Data is said to be **persistent** if it is recallable after the program that created it ends. Such data exists in **files** located on a secondary storage device like a hard disk or SSD. Files are both useful and somewhat frustrating to deal with. Formats change over time, making some data no longer accessible by modern software. Files get lost as they are transferred from device to device or perhaps we just forget where they are or even that they exist at all. Finally, even if we know where they are and how to find them, getting our software to find and open them is sometimes pretty tricky. 

**The Cloud** is a much hyped but nonetheless very useful solution to or storage needs. It makes data appear ubiquitous, available from any device at any time. Since ultimately all persistent data resides in files, most of the advantages of cloud storage are in the way data is accessed instead of how it is stored. Instead of thinking in terms of files (e.g., MS Word files), we now think in terms of _documents_ (Google Docs, MS Office 365, etc.), page _URLs_ (uniform resource locators), or _APIs_ (application programming interfaces) for data in the Cloud. 

We will get into some of the complexities of cloud hosted data in Lesson 11, but for now we will learn about **files** and **filesystems**. 

## Filesystems and File Paths
In the wild west times of the 1950s and 1960s, every program has its own **filesystem**, a method of storing and retrieving data in files. Standard file formats and operating systems were scarce and software engineers who valued them were scarcer. Every brand of computer and every piece of software had its own. So, the programmers made up their own standards so that their programs and data could be portable from one computer to another. 

In principle, every filesystem has the following functions:
- File creation and deletion
- File retrieval and access control
- Reading and writing of data 

File creation, deletion, retrieval, and access control are generally handled by the computer's operation system. In each case the concept of a files as an entity, with a unique identity or location, comes into play. The name and location of a file is called the **file path**. Operating systems logically organize files into hierarchies (trees) of directories (or folders). 

![File Tree](https://github.com/christopherhuntley/BUAN5405-lessons/raw/master/img/L7_File_Tree_cropped.png)

A file path is then a set of navigation instructions to navigate between where the program _resides_ and where the file _resides_ in the hierarchy. Note that we need to know two locations: that of the program (e.g., `myPythonProgram.py`) and that of the file it wants to access (e.g., `data1.txt`, `data2.txt`, `data3.txt`, or `data4.txt`).   

There are two ways to encode a file path:
- **Absolute paths** are used when the program is located _outside_ of the file system. In that case it has to navigate from the **root** of the file hierarchy every time. The path to the `data1.txt` file is then given by `/myFiles/allProjects/myProject/data1.txt`. Each directory in the path is indicated by a slash `/`. The first slash in the path then represents the root of the file hierarchy. An absolute path always starts with a slash.    
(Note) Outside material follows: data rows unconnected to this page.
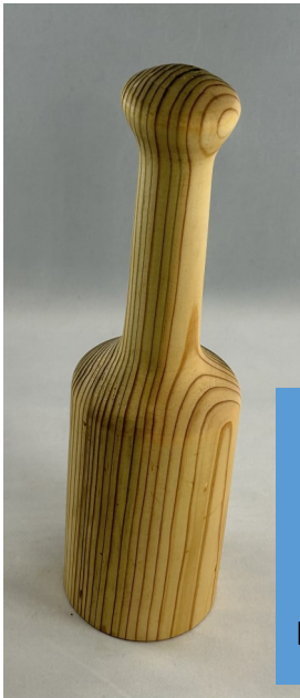
Fred Schmoll's mallet was made from pallet scraps
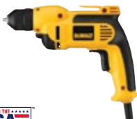
3/8" Pistol Grip Drill DWD112
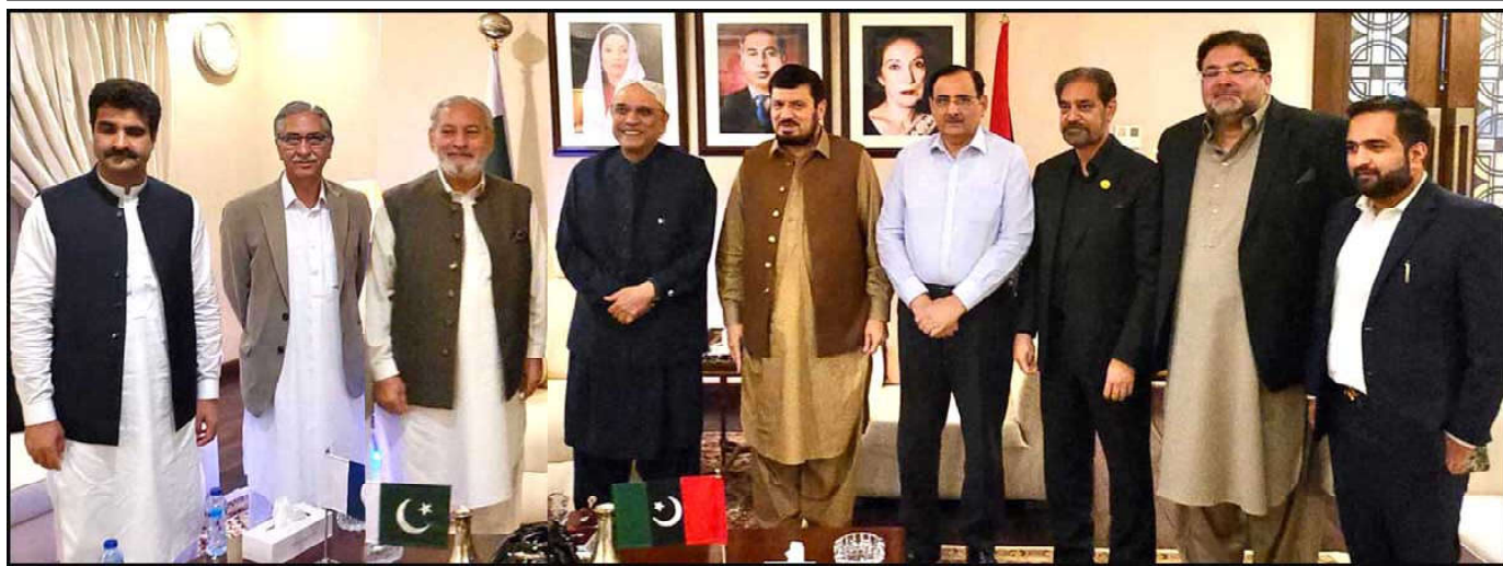
LAHORE: Pakistan People Party co-chairman and former president Asif Ali Zardari in a group photo with Khyber Pakhtunkhwa Governor Haji Ghulam Ali along with Caretaker Provincial Ministers during meeting.
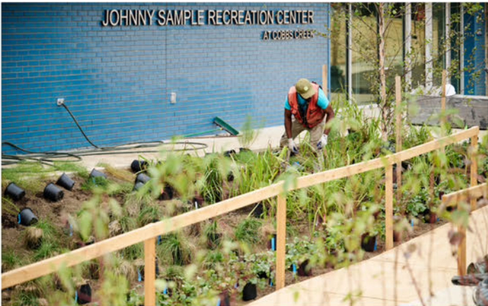
Community planting at Johnny Sample Recreation Center

The project also included landscape upgrades based on community feedback. In September, the Conservancy and Rebuild led a community-supported effort to plant 2,000 native grasses and flowers throughout the recreation center grounds. This project drew on the expertise and efforts of our Capital Projects, Land Care, and Volunteer Program teams, who worked together to mobilize volunteers, enhance green spaces, and create a welcoming place for neighbors of all ages to gather, play, and connect.
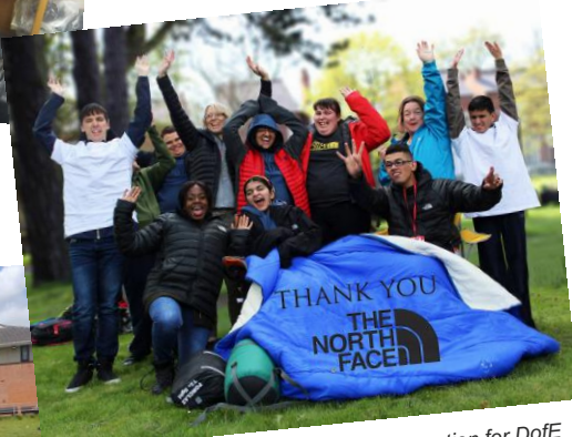
The North Face donation for DofE
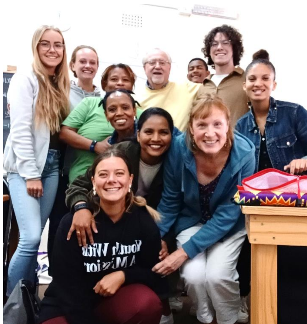
Here are some of my students coming from South Africa and other countries.

As usual, I had a variety of students, mostly from South Africa, but also some from England, Ireland, the Netherlands, Brazil, and one from western Michigan.
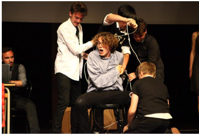
"Hacktivists" by AKT from Brighton, UK, Auditorium Caruso, 2015
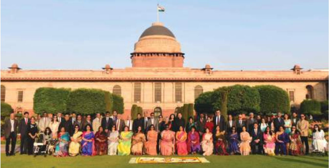
4 March 2024, the Chief Justice of India, Dr D Y Chandrachud, along with other Supreme Court judges, and their families, visit the Amrit Udyan at the Rashtrapati Bhavan
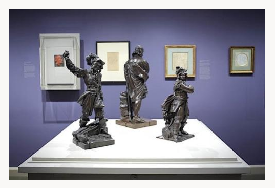
Fig. 13, Installation view of the Lower Level Gallery, showing the display of the Grand Condé, Jean Bart, and Ambroise Paré, in the exhibition David d'Angers: Making the Modern Monument at the Frick Collection, New York. [view image & full caption]
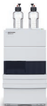
Agilent 1220 Infinity II LC Affordable efficiency

From routine analysis to cutting-edge research, the Agilent InfinityLab LC Series offers the broadest portfolio of liquid chromatography solutions, helping you to achieve highest operational efficiency while keeping within your budget.
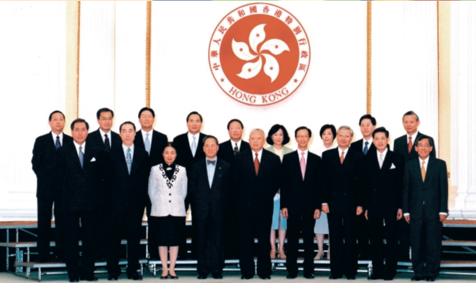
The Chief Executive, Mr Tung Chee Hwa, with the Principal Officials and heads of disciplinary services under the accountability system.

Hong Kong Economic and Trade Office • Toronto June 2002 Issue
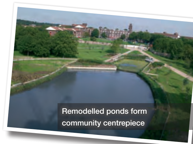
Remodelled ponds form community centrepiece
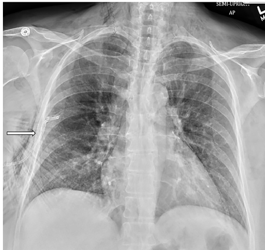
Image 3. Successful lung re-expansion after right-sided pigtail catheter (arrow) was placed using a more anterior approach. Note improved mediastinal shift.

the most common complication reported being chest tube leak. 4,5 The vast majority of reported cases presented with either face, neck, or chest subcutaneous air on exam or imaging, 3-8 and only one episode of hypotension from tension pneumothorax was reported. 3
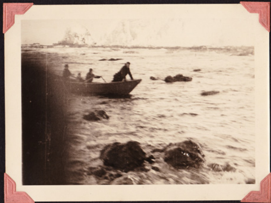
More men coming ashore
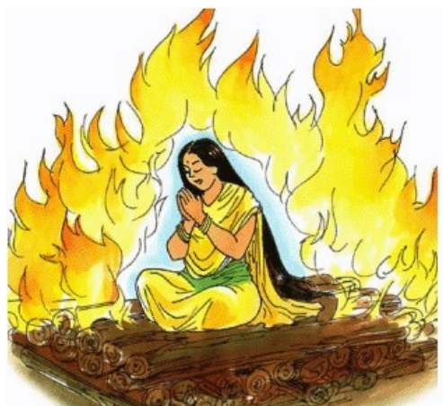
Mother Sita undergoing the ordeal by fire

Anasuya (wife of sage Atri) was put to test by God Himself. The Trinity of Brahma, Vishnu and Maheswara went to her in disguise and begged, Bhavati Bhiksham Dehi (mother, give us alms). When she was about to serve them food, they said that they would accept it only if she served them without wearing any clothes. Immediately, she transformed them into three infants and fed them as per their wish. She could transform even Brahma, Vishnu and Maheswara into small babies and play with them only because of her purity of heart and the power of chastity. Ultimately, Saraswati, Lakshmi and Parvati, the wives of the Trinity, begged her that their husbands may be returned to them. Anasuya, being one of compassion, yielded to their request. The Trinity blessed sage Atri and Anasuya, saying that they would be born to them in the form of Dattatreya. The name Dattatreya signifies one who is adopted by sage Atri.

- **Relative paths** always start at the location of the current file in the file system. The navigation in this case can be much simpler, especially if the file is located in the same directory as the program. For the program `myPythonProgram.py` we can use the following paths:
  - `data1.txt` 
  - `../MyData/data2.txt`
  - `../MyData/data3.txt`
  - `../../otherFiles/ExtraData/data4.txt` 
  
  If the file is located in the same directory as the program (the first example), then all we need to supply is the file name. If it is not (the rest), then we use a combination of `..` (go up one directory) and `/directory` (go down into `directory`) instructions followed by the file name. 
  
### Wait, I thought that `/` was pronounced "backslash"
In the early days of PCs, Microsoft and IBM were very wary of copying Unix conventions in their (sort of) new, definitely horrific operating system called PC-DOS. AT&T claimed ownership of Unix at the time, so this worry was not without merit. So, instead of using the slash `/` they used the backslash `\` as the directory indicator in file paths. So, anybody who was raised using PCs in the 1980s or perhaps early 1990s, reflexively use the word "backslash" when saying things like web URLs. For the record, web URLs (or file paths in Python) have never used backslashes in this way. Unfortunately, MS Windows (all versions) still uses the backslash for compatibility with PC-DOS.

### The Python `os` and `os.path` Modules
To work with filepaths in an operating system-agnostic (_canonical_) way, Python provides the [os](https://docs.python.org/3/library/os.html) module. More specifically, we can use the [os.path](https://docs.python.org/3/library/os.path.html) submodule to create canonical paths and then (if needed) use the `os` module to render the path in an operating-system specific way. 

In [8]:
import os, os.path  # Load modules from standard lib

# the absolute path from a relative path
print(os.path.abspath('.'))  # the current folder is indicated by .

# the relative path from the current folder to another location
print(os.path.relpath('/Users/chuntley/GitRepos/BUAN5405/BUAN5405-docs'))  

/Users/chuntley/GitRepos/BUAN5405/BUAN5405-lessons
../BUAN5405-docs


If on MS Windows, we can then call `os.fspath()` to convert all those nasty slashes into 1980s-style backslashes. 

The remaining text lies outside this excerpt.